Exercise directions: All that should come back is the lines of the data below from the one containing "2年生の図工では、ねん土を使って造形遊びをしているよ。" to the one containing "Green Emerald &", inclusive, exactly as they stand.

Supplied data:
::::

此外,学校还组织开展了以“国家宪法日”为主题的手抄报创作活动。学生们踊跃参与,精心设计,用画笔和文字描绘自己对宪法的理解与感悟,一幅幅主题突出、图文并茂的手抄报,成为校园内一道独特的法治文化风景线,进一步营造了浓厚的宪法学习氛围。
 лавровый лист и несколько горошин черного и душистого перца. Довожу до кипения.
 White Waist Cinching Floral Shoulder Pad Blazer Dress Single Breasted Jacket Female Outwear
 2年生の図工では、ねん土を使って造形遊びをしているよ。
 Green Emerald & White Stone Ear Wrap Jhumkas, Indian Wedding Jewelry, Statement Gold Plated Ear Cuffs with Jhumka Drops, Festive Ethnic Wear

::::

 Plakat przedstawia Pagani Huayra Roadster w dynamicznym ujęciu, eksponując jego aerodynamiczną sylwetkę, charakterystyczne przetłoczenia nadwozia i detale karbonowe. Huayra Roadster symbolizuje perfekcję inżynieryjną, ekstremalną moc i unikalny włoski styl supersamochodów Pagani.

::::

Response:
 2年生の図工では、ねん土を使って造形遊びをしているよ。
 Green Emerald & White Stone Ear Wrap Jhumkas, Indian Wedding Jewelry, Statement Gold Plated Ear Cuffs with Jhumka Drops, Festive Ethnic Wear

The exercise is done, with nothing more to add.